Unos ladridos lejanos llegaron a nuestros oídos y nos giramos al instante. A unos treinta metros había un labrador enorme de color canela que, apoyado sobre las patas traseras se erguía desafiante retando a nuestras bestias con sus ladridos. Los nuestros se quedaron parados el uno al lado del otro sin saber qué hacer, normalmente eran ellos quienes iniciaban los insultos y se encontraban desorientados.

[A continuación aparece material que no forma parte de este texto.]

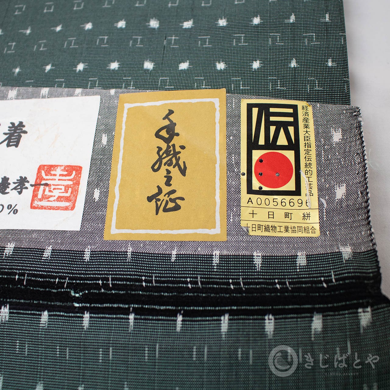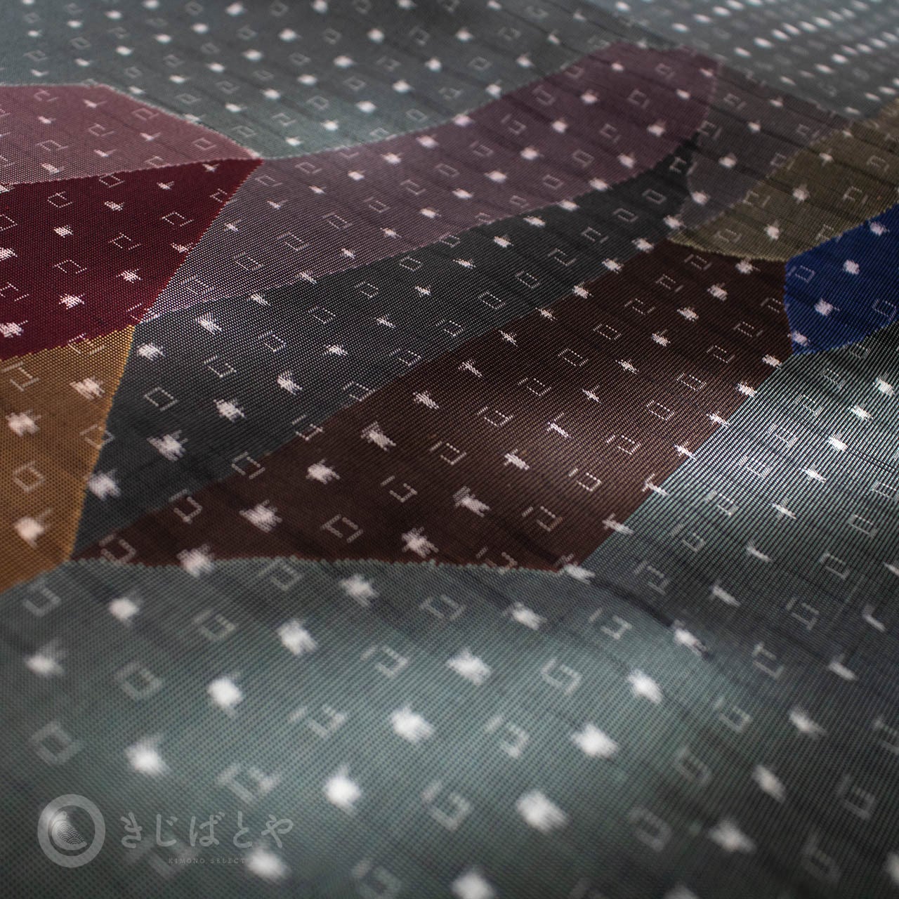 十日町紬特有のなめらかな光沢に、深い色と白く入った絣が本当に美しく、見ていて飽きることがありません。紬ですが十日町紬は細くしなやかな織りなので、気持ちよく体に添ってくれます。

Se miraron, nos miraron e hicieron un amago de contestar, pero Abelardo silbó y ambos perros vinieron a donde estábamos y se olvidaron del lejano enemigo.

— Me alegro mucho por ti, tío, te lo digo de verdad — le dije a Abelardo mientras nos dirigíamos a un banco para sentarnos — no sabía que estabas tan mal, pero aunque lo hubiera sabido no podría haberte ayudado; pero me enorgullece saber que no has tenido reparos en contármelo. A veces las casualidades, la suerte como tú dices, nos salva sin saber muy bien cómo, sin tener del todo claro si nos la merecemos o no. En ese vacío del que hablas a veces crecen pequeñas buenas noticias, que si bien no ayudan a evitar la caída del todo, sí que nos permiten agarrarnos y mirar las cosas con la perspectiva de la esperanza. Lo que espero es que no se te vaya la cabeza y ahora vayas en plan Don Juan, sin miramientos o ética. No uses esa noche como excusa para recuperar el tiempo perdido.

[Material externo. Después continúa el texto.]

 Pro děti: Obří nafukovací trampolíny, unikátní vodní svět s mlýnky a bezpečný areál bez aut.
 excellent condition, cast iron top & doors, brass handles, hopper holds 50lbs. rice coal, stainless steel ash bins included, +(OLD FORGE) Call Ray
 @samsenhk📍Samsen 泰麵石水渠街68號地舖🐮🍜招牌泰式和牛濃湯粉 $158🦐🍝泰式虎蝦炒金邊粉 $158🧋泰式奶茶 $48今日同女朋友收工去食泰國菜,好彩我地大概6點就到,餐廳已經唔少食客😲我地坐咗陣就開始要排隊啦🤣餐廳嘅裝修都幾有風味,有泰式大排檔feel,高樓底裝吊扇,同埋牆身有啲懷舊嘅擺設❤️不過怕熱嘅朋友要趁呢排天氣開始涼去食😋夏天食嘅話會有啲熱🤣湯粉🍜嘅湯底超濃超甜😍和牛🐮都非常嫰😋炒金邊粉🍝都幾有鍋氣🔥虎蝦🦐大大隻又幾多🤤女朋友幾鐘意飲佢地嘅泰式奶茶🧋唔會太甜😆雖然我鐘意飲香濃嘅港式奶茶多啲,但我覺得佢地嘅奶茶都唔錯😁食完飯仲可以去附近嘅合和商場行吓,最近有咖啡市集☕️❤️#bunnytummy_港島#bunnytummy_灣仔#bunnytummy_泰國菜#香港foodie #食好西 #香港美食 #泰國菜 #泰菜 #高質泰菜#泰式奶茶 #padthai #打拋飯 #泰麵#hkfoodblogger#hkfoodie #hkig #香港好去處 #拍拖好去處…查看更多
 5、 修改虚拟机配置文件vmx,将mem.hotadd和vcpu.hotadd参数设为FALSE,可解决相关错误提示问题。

— Claro que no. Ahora lo que quiero es domar ese espacio, que ya te digo que no ha desaparecido aún, y convertirlo en un espacio sin gravedad. Y así poder viajar a través de él sin miedo a la caída. Como un astronauta de mí mismo que surca el espacio entre constelaciones sin juzgar lo que ven sus ojos, sin prisas por llegar a ninguna órbita nueva.

Abelardo se quedó en silencio tras pronunciar las últimas palabras y ambos miramos al horizonte sin mediar palabra. Los perros se habían sentado cada uno al lado de su dueño y jadeaban profusamente. Le puse una mano en el hombro a mi amigo y, sin decir nada, disfrutamos de ese espacio mutuo que es la amistad.